Another pick obtained for me via the Interlibrary Loan folks at the University Near Here. Thanks, folks!
I've been interested for a while about the general topic of risk, and how it might best be regulated in a free society. I'm still in the weeds, but maybe if I keep reading…
The author, Geoffrey Kabat, is an epidemiologist at the Albert Einstein College of Medicine; he's deep in the field of quantifying health risks. This book outlines the pitfalls and biases that researchers investigating causes of disease can fall prey to. And the realities of funding and publication pressures on researchers can, and does, incentivize a lot of bad, misleading, and unreproducible results. (For more on that topic, see the recent Wired article about John Arnold.) The discussion here is technical and valuable.

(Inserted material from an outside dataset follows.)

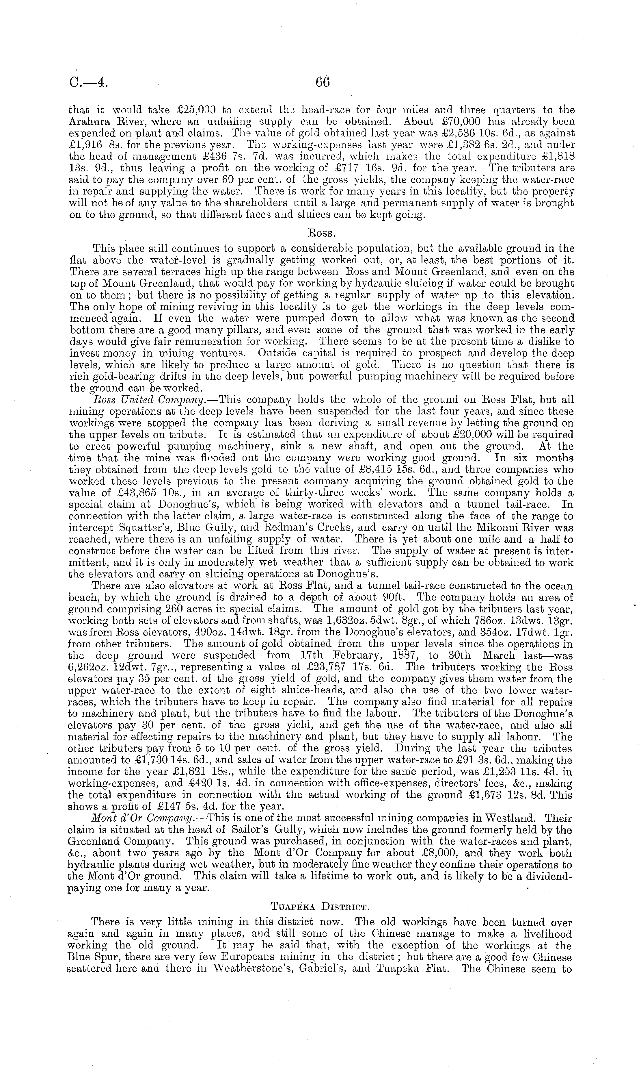 that it would take £25,000 to extend the head-race for four miles and three quarters to the Arahura Biver, where an unfailing supply can be obtained. About £70,000 has already been expended on plant and claims. The value of gold obtained last year was £2,536 10s. 6d., as against £1,916 Bs. for the previous year. The working-expenses last year were £1,382 6s. 2d., and under the head of management £436 7s. 7d. was incurred, which makes the total expenditure £1,818 13s. 9d., thus leaving a profit on the working of £717 16s. 9d. for the year. The tributers are said to pay the company over 60 per cent, of the gross yields, the company keeping the water-race in repair and supplying the water. There is work for many years in this locality, but the property will not be of any value to the shareholders until a large and permanent supply of water is brought on to the ground, so that different faces and sluices can be kept going. Boss. This place still continues to support a considerable population, but the available ground in the flat above the w r ater-level is gradually getting worked out, or, at least, the best portions of it. There are several terraces high up the range between Boss and Mount Greenland, and even on the top of Mount Greenland, that would pay for working by hydraulic sluicing if water could be brought on to them; but there is no possibility of getting a regular supply of water up to this elevation. The only hope of mining reviving in this locality is to get the workings in the deep levels commenced again. If even the water were pumped down to allow what was known as the second bottom there are a good many pillars, and even some of the ground that was worked in the early days would give fair remuneration for working. There seems to be at the present time a dislike to invest money in mining ventures. Outside capital is required to prospect and develop the deep levels, which are likely to produce a large amount of gold. There is no question that there is rich gold-bearing drifts in the deep levels, but powerful pumping machinery will be required before the ground can be worked. Boss United Company. —This company holds the whole of the ground on Boss Flat, but all mining operations at the deep levels have been suspended for the last four years, and since these workings were stopped the company has been deriving a small revenue by letting the ground on the upper levels on tribute. It is estimated that an expenditure of about £20,000 will be required to erect powerful pumping machinery, sink a new shaft, and open out the ground. At the •time that the mine was flooded out the company were working good ground. In six months they obtained from the deep levels gold to the value of £8,415 15s. 6d., and three companies who worked these levels previous to the present company acquiring the ground obtained gold to the value of £43,865 10s., in an average of thirty-three weeks' work. The same company holds a special claim at Donoghue's, which is being worked with elevators and a tunnel tail-race. In connection with the latter claim, a large water-race is constructed along the face of the range to intercept Squatter's, Blue Gully, and Bedman's Creeks, and carry on until the Mikonui Biver was reached, where there is an unfailing supply of water. There is yet about one mile and a half to construct before the water can be lifted from this river. The supply of water at present is intermittent, and it is only in moderately wet weather that a sufficient supply can be obtained to work the elevators and carry on sluicing operations at Donoghue's. There are also elevators at work at Boss Flat, and a tunnel tail-race constructed to the ocean beach, by which the ground is drained to a depth of about 90ft. The company holds an area of ground comprising 260 acres in special claims. The amount of gold got by the tributers last year, working both sets of elevators and from shafts, was 1,6320z. sdwt. Bgr., of which 7860z. 13dwt. 13gr. was from Boss elevators, 4900z. 14dwt. 18gr. from the Donoghue's elevators, and 3540z. 17dwt. lgr. from other tributers. The amount of gold obtained from the upper levels since the operations in the deep ground were suspended —from 17th February, 1887, to 30th March last—was 6,2620z. 12dwt. 7gr.., representing a value of £23,787 17s. 6d. The tributers working the Boss elevators pay 35 per cent, of the gross yield of gold, and the company gives them water from the upper water-race to the extent of eight sluice-heads, and also the use of the two lower waterraces, which the tributers have to keep in repair. The company also find material for all repairs to machinery and plant, but the tributers have to find the labour. The tributers of the Donoghue's elevators pay 30 per cent, of the gross yield, and get the use of the water-race, and also all material for effecting repairs to the machinery and plant, but they have to supply all labour. The other tributers pay from sto 10 per cent, of the gross yield. During the last year the tributes amounted to £1,730 14s. 6d., and sales of water from the upper water-race to £91 3s. 6d., making the income for the year £1,821 18s., while the expenditure for the same period, was £1,253 lis. 4d. in working-expenses, and £420 Is. 4d. in connection with office-expenses, directors' fees, &c, making the total expenditure in connection with the actual working of the ground £1,673 12s. Bd. This shows a profit of £147 ss. 4d. for the year. Mont dOr Company. —This is one of the most successful mining companies inWestland. Their claim is situated at the head of Sailor's Gully, which now includes the ground formerly held by the Greenland Company. This ground was purchased, in conjunction with the water-races and plant, &c, about two years ago by the Mont dOr Company for about £8,000, and they work both hydraulic plants during wet weather, but in moderately fine weather they confine their operations to the Mont dOr ground. This clai

Kabat then turns to four recent case studies, two bad, two good. The bad: efforts to show that cell phone usage causes brain cancer, and the notion of "endocrine disruptors" in the environment. Both areas were sensationalized, and wasted a lot of funding that could have been spent on more productive areas.
The good: research into dangerous "Chinese herbal supplements" containing aristolochic acid; and how varieties of human papillomavirus (HPV) can result in various cancers, mostly cervical. These are heroic stories, as the scientists involved i-dotted and t-crossed their studies in order to tease out valid results, exposing disease processes that can take decades to actually kill you.
Kabat's prose is unfortunately wooden and to-be-sure mannered, and he's mind-numbingly diligent about dropping names and professional affiliations of the researchers he discusses. Fine, but that gets in the way of the narrative. (He's no Daniel Kahneman, sorry.) But, even given that, the book is a good discussion on how to do research right, and also wrong.
He (also unfortunately) doesn't get close to my main concern: once you've identified and quantified a risk, what's the proper policy response, especially given that people have widely varying tolerance for risky behaviors?
Also, a pet peeve: he refers to "socioeconomic inequality" (p. 179) when he almost certainly means "poverty".